Erica reveals that the first time you meet a potential customer, your goal should be building a rapport. She meant to say that first impressions matter. And guess what, she’s right. According to research, we take seven (7) seconds to evaluate a person is likeable, influential and competent. So do take the time to prepare appropriately to look and sound professional and skilled. Before the meeting, do a quick search about the person you are about to meet (e.g. Facebook, LinkedIn are useful tools) and look for the company websites and annual reports to see their top priorities.
So for a successful first meeting:
- Start building a rapport by getting to the point of meeting right away, use versatility and social styles to improve communication. Communicate the purpose and what you, both, expect to take out of the meeting (win-win).
- Ask exciting questions about their company and their business or area of responsibility. Explore task and personal motives so that you can lower relationship tension and increase task tension for a positive outcome.

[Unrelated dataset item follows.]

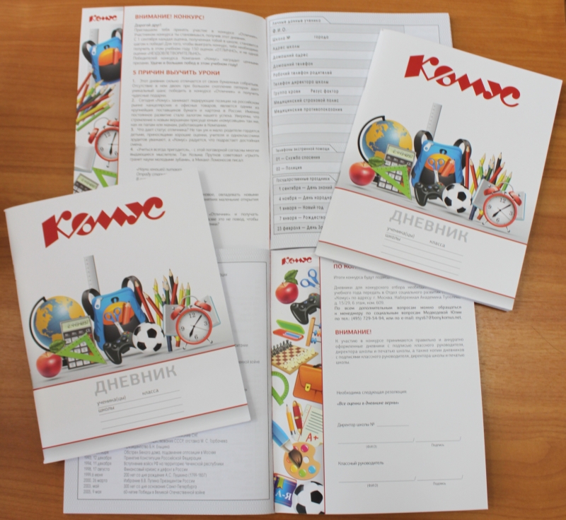 Чтобы сделать учебный процесс детей сотрудников Компании увлекательнее, стимулировать ребят учиться лучше и радовать родителей отличными отметками, «Комус» решил ежегодно проводить конкурс «Отличник» для детей сотрудников, школьников с 1 по 11 класс. Приятным дополнением и знаком отличия для юных конкурсантов стал стилизованный дневник с логотипом Компании (каждый новый учебный год у него новый дизайн!), также к участию в конкурсе принимались все дневники.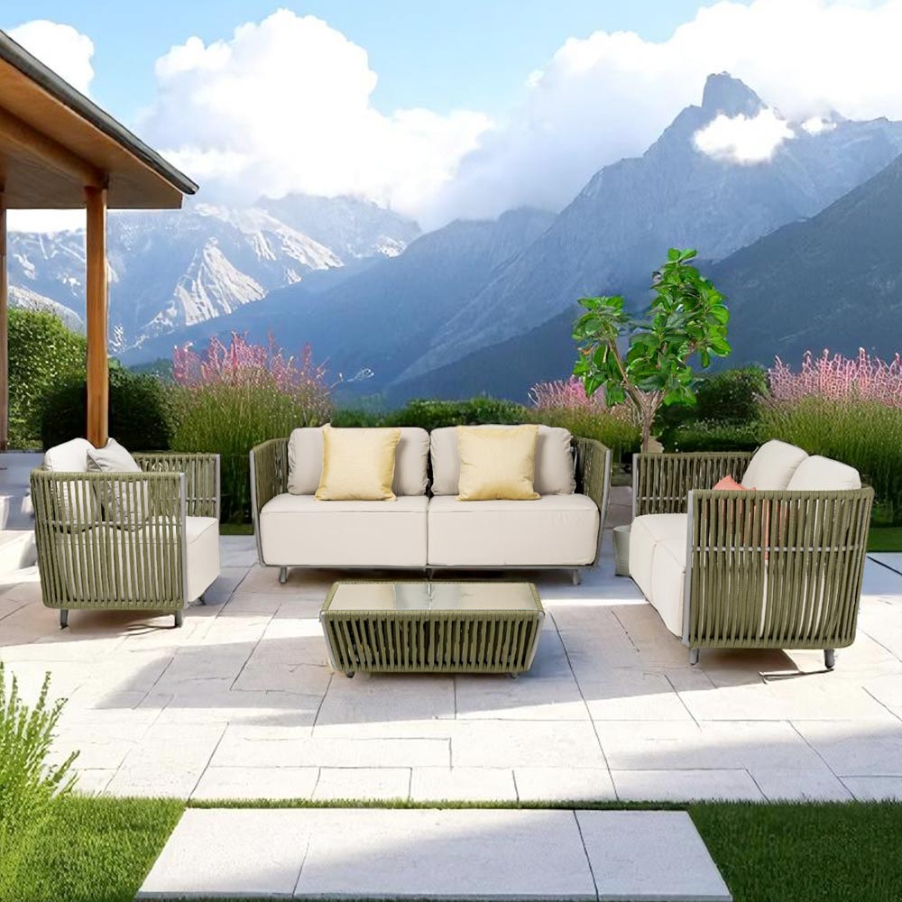 Gracias al uso de materiales especiales de alta calidad, este salón de exterior garantiza una excelente resistencia a la intemperie, la suciedad, el polvo y las manchas.

- Set up your plan, don’t let the purchasing department drive meeting. Remember this is your meeting, “… buyers today don’t want to have to tell providers what to do. They want trusted advisors who will recommend, not react,” according to Erica Stritch.
- Sell the vision of the future, sell how you are going to work together to increase productivity, competitiveness, get them enthusiastic about working with us – excitement with the new reality, remember the GAP model (haves and wants).
- But never forget to deliver your promise. Whatever the context of the meeting is, be sure to deliver on that promise. Often, we, salespeople, tend to oversell our capabilities, then we fail to deliver, so think carefully about what you are going to propose to the customer and be sure that you deliver that promise.
A first sales meeting is like your first date. Your first conversation aims to engage the prospect enough to agree to a second conversation with you. If you follow these five steps in your meeting, you’ll have a good chance of continuing the conversation and getting that second date.
DISCLAIMER. The views and opinions expressed in this blog are those of the author, and they are not intended to malign any religion, ethnic group, club, organisation, company, individual or anyone or anything.